Two men with scarves pulled across their faces were seen fleeing the scene in a silver Renault that was later found abandoned nearby, police said.
A group called the Red Hand Defenders said it had carried out the killing. Police consider the name a front for members of Northern Ireland's largest illegal paramilitary group, the Ulster Defense Association, and of other illegal Protestant groups.
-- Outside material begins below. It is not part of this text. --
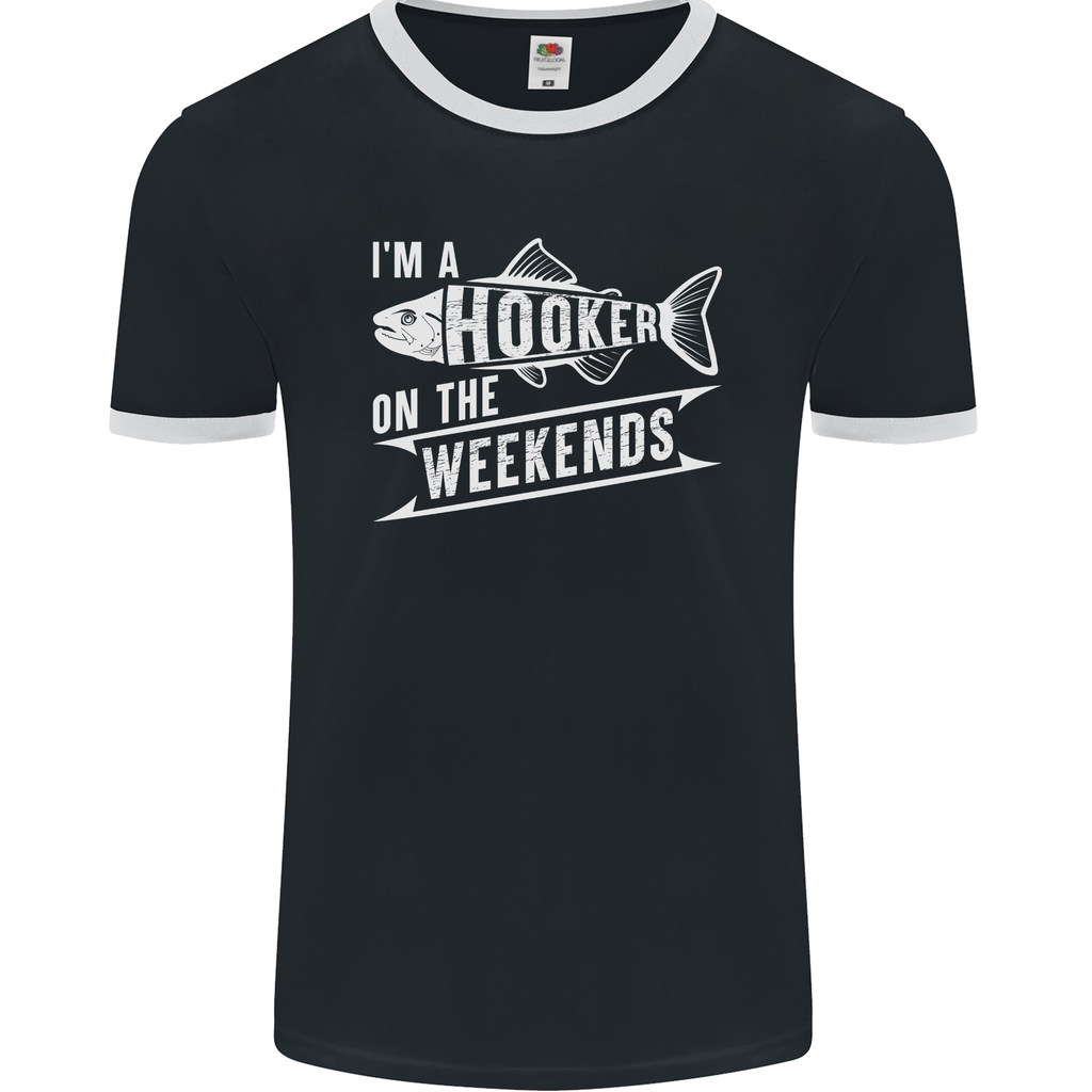 Make a splash this weekend with our "I'm a Hooker at the Weekends" Funny Fishing 2 Mens Ringer T-Shirt from Fruit of the Loom. This unique and humorous t-shirt is perfect for any angling enthusiast who loves to reel in some laughs along with their catch. Whether you're casting your line at the lake or spending a relaxed day with friends, this shirt will add a touch of fun to your fishing adventures.

Car bomb hurts 2 after phone warning
BILBAO, Spain A car bomb exploded on a downtown street in this Basque region city after a warning call yesterday, wounding two persons who were hit by flying shards of glass, police said. They said an anonymous caller claimed the Basque separatist group ETA was responsible.
The midafternoon blast shattered windows in several buildings and sent a plume of black smoke into the air. Police had evacuated the area after a caller phoned a warning to a newspaper and claimed ETA planted the bomb.
Television footage showed police waving scared people away from the busy area of banks and shops minutes before a red Renault exploded in flames.
The security chief for the Basque region, Interior Minister Javier Balza, said the car was loaded with as much as 44 pounds dynamite.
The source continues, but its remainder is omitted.